◆ WHAT THE TASK REQUIRES ◆
Omit all pictures, then retype the data exactly as given.

◆ SOURCE DATA ◆
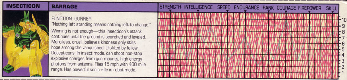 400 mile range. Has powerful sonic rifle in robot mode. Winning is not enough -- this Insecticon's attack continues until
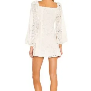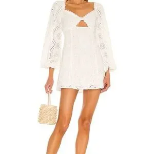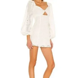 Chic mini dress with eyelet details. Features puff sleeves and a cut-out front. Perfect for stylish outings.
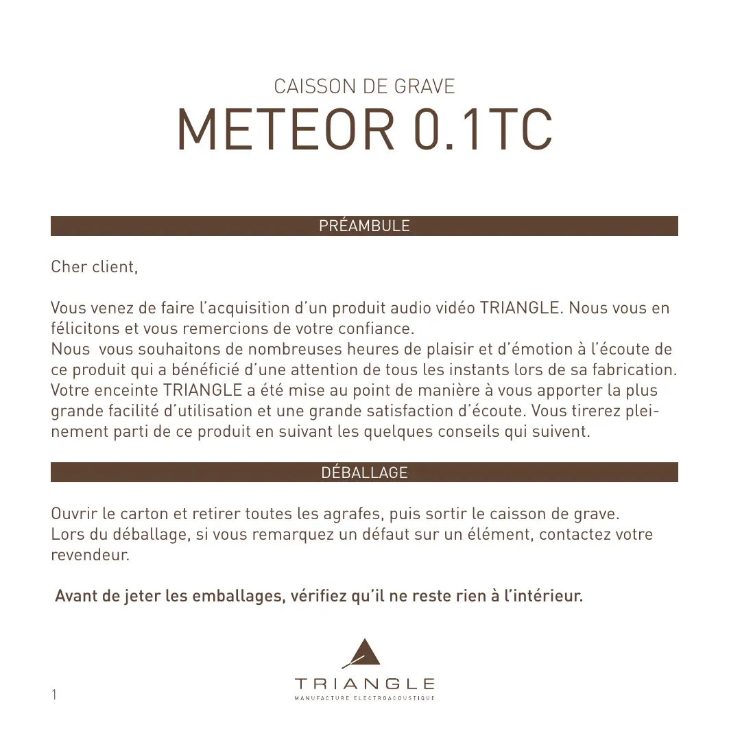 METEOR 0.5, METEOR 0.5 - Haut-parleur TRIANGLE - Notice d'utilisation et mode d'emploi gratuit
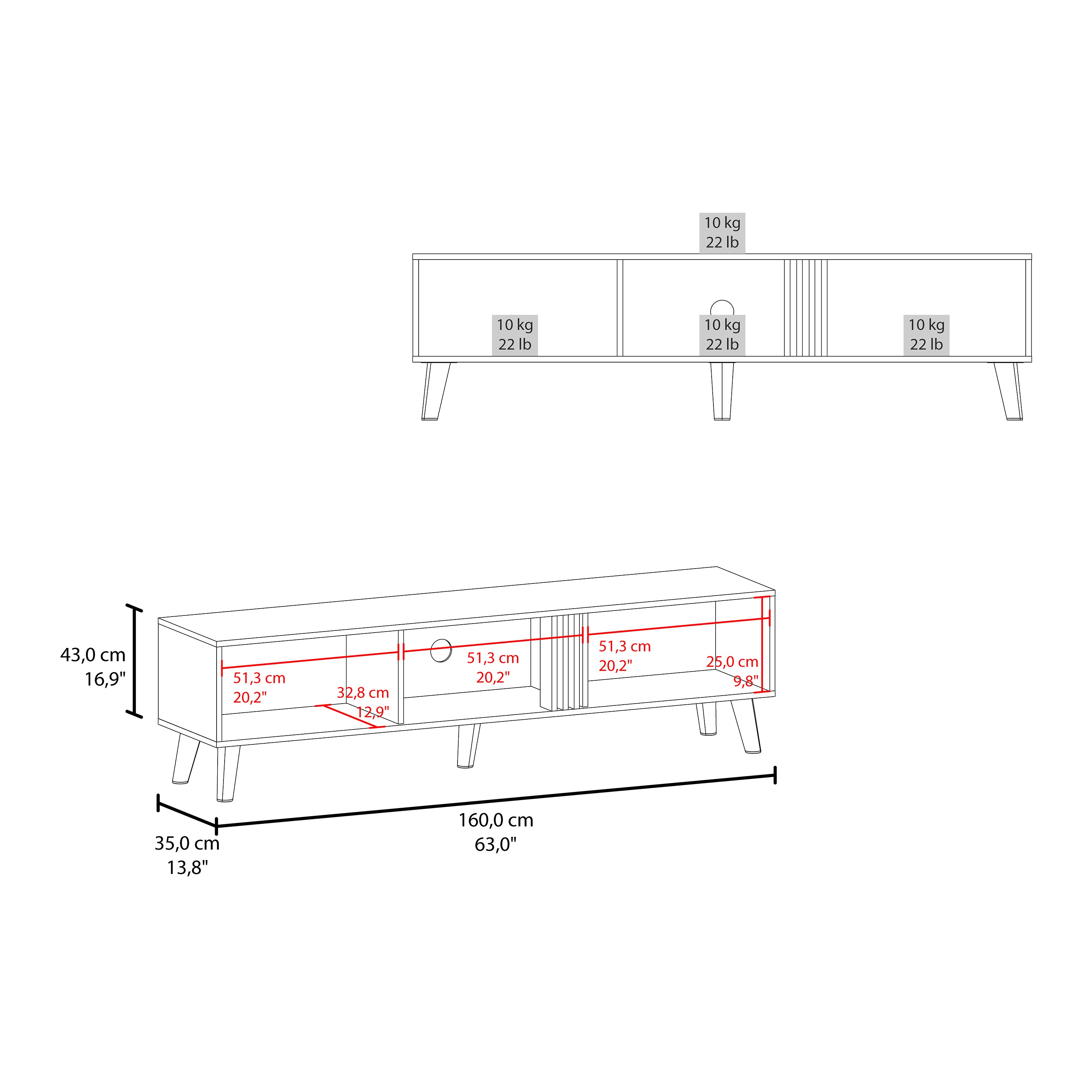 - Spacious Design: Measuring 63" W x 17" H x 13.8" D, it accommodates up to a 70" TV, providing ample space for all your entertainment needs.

◆ RESPONSE AREA ◆
 400 mile range. Has powerful sonic rifle in robot mode. Winning is not enough -- this Insecticon's attack continues until
 Chic mini dress with eyelet details. Features puff sleeves and a cut-out front. Perfect for stylish outings.
 METEOR 0.5, METEOR 0.5 - Haut-parleur TRIANGLE - Notice d'utilisation et mode d'emploi gratuit
 - Spacious Design: Measuring 63" W x 17" H x 13.8" D, it accommodates up to a 70" TV, providing ample space for all your entertainment needs.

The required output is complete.